PROVIDED ENTRIES below:
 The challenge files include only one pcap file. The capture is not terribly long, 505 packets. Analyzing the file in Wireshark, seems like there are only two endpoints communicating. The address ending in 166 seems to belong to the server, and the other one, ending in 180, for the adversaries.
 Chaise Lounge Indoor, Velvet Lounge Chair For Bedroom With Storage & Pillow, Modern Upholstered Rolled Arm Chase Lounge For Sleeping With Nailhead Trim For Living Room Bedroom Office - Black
End of PROVIDED ENTRIES.
PROVIDED ENTRIES below:
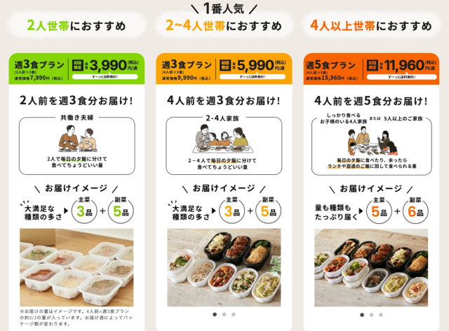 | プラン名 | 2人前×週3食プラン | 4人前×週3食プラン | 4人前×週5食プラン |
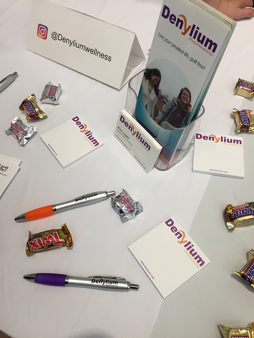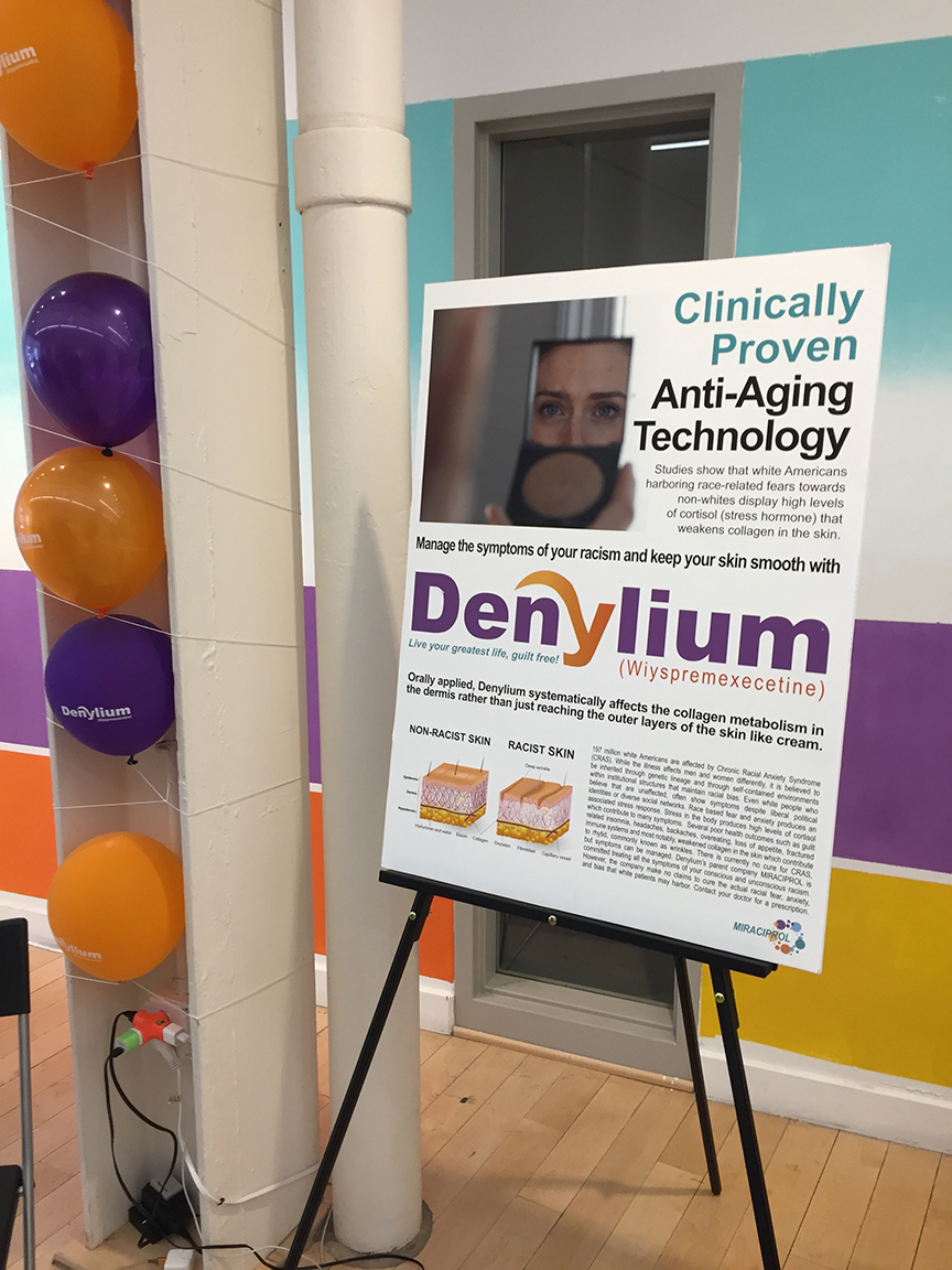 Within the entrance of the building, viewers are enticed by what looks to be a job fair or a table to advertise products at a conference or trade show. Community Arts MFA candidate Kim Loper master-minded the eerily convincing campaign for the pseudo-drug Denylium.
End of PROVIDED ENTRIES.
PROVIDED ENTRIES below:
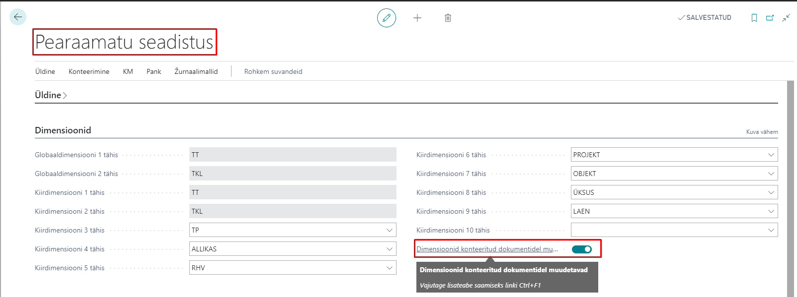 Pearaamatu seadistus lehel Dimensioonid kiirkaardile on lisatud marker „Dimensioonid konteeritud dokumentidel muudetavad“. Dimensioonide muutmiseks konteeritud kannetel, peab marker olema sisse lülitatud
End of PROVIDED ENTRIES.
● **WORK INSTRUCTION**: Output the lines above between the one holding "The challenge files" and the one holding "Chaise Lounge Indoor, Velvet", inclusive, with nothing before or after them.

● **SOLUTION FOR THIS EXERCISE**:
 The challenge files include only one pcap file. The capture is not terribly long, 505 packets. Analyzing the file in Wireshark, seems like there are only two endpoints communicating. The address ending in 166 seems to belong to the server, and the other one, ending in 180, for the adversaries.
 Chaise Lounge Indoor, Velvet Lounge Chair For Bedroom With Storage & Pillow, Modern Upholstered Rolled Arm Chase Lounge For Sleeping With Nailhead Trim For Living Room Bedroom Office - Black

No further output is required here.